Dixon started his songwriting career when he was a young boy. He wrote love poems, which he set to music and sold to record scouts that passed through his community.

"When I first started, I used to sell (my songs) outright, for ten or fifteen dollars, anything I could get," he recalls. His songs were not copyrighted, and and he did not receive any royalties. For a time, he and his partner, Eddie Cooper, made nickels and dimes as schoolboy pornographers. Dixon wrote the dirty verses and Cooper drew the cartoons.

THEIR LITTLE comic books told the story of the Signifying Monkey, a devilish animal who's always instigating fights.
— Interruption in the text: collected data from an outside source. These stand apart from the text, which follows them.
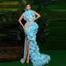 Women Blue Ruffles Mermaid Lace Side Split Prom Dress
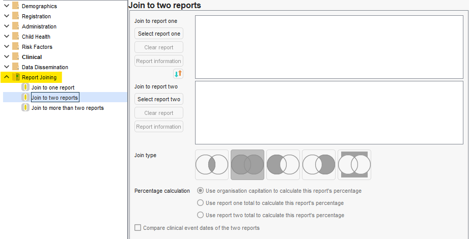 - If you join to published reports, you will benefit from any automatic updates from the publishing organisation during the lifecycle of that report - however, many centrally-published reports have a maximum lifecycle of one year. Others (such as for enhanced services) have dates that change at the national extraction intervals (monthly/quarterly etc).
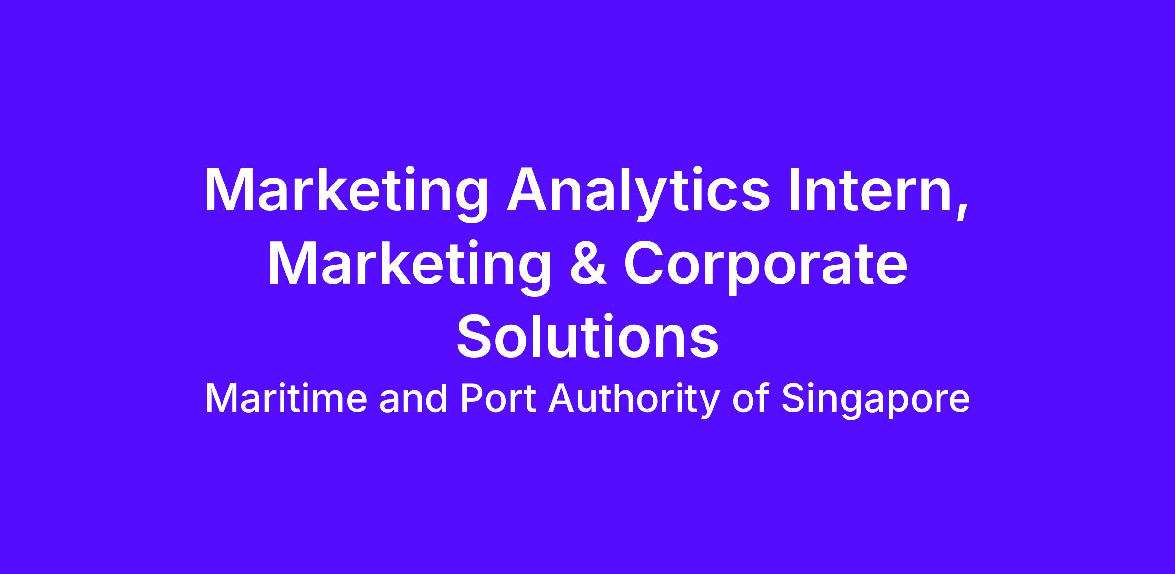 We are seeking an organised, motivated, and detail-oriented Marketing Analytics Intern, under Marketing & Corporate Solutions.

The Signifying Monkey, Brer Rabbit, and Anansi the Spider are part of the same West African folk tradition. All three are small creatures that use their wits to survive and to cause trouble.
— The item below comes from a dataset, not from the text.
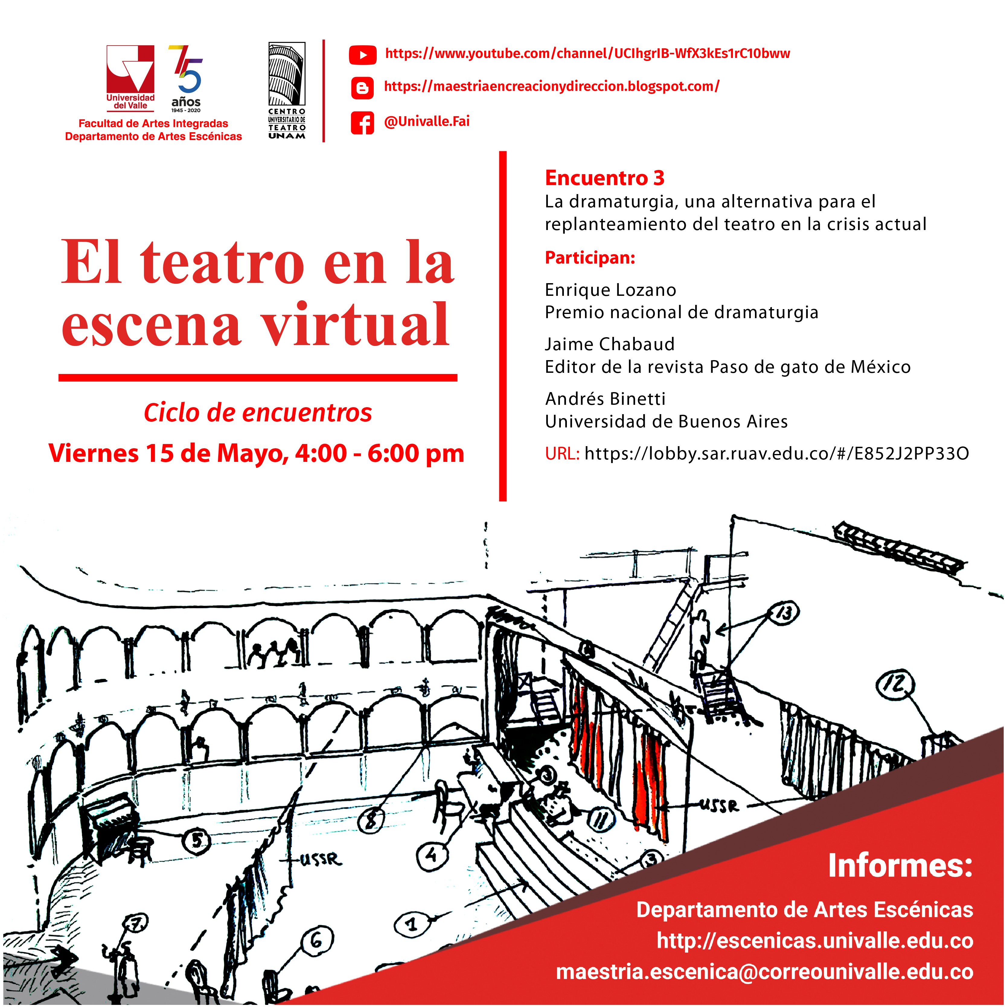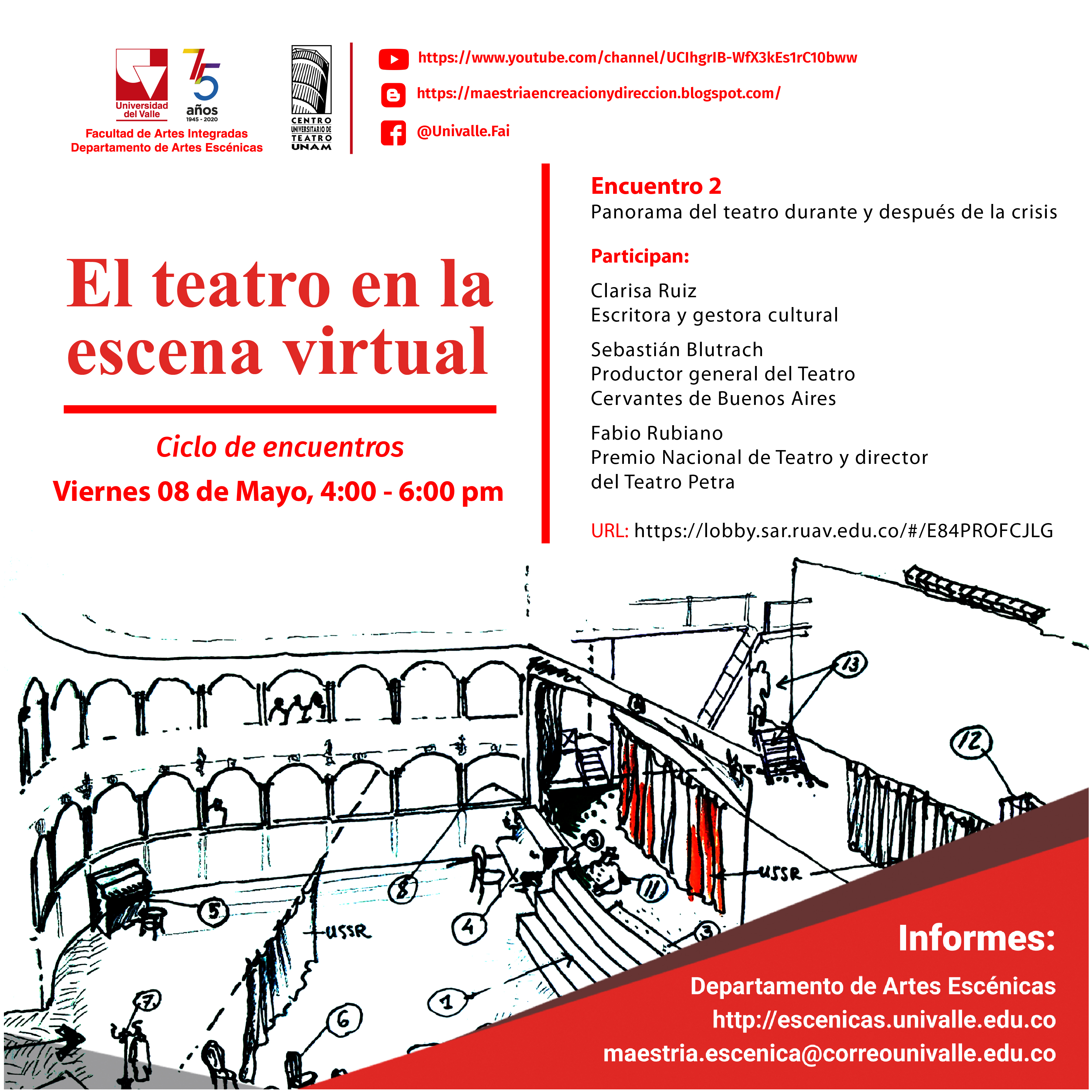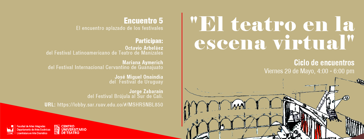 La Maestría en Creación y Dirección Escénica del Departamento de Artes Escénicas de la FAI, en conjunto con el Centro Universitario de Teatro de la Universidad Nacional Autónoma de México, continúa con el ciclo de encuentros denominado “El teatro en la escena virtual”, un espacio para reflexionar desde diferentes ángulos, el futuro del teatro y la educación artística dentro de la actual coyuntura. Con la presencia de prestigiosos docentes, directores, productores, actores y coreógrafos, los siguiente cuatro encuentros abordarán diversos aspectos neurálgicos de las artes escénicas, uno de los sectores mas impactados por la crisis actual.

In 1946, Dixon recorded a version of "The Signifying Monkey" for Columbia Records. The first verse went like this:

"Said the Monkey to the Lion, on a bright summer day,

'There's a big, bad cat, living down your way,

He talks about your folk in a heck of a way,

A lot of things I'm afraid to say.'"

Dixon didn't say how well the Columbia recording of "The Signifying Monkey" sold, but he did note that the "dirty" version was quite successful.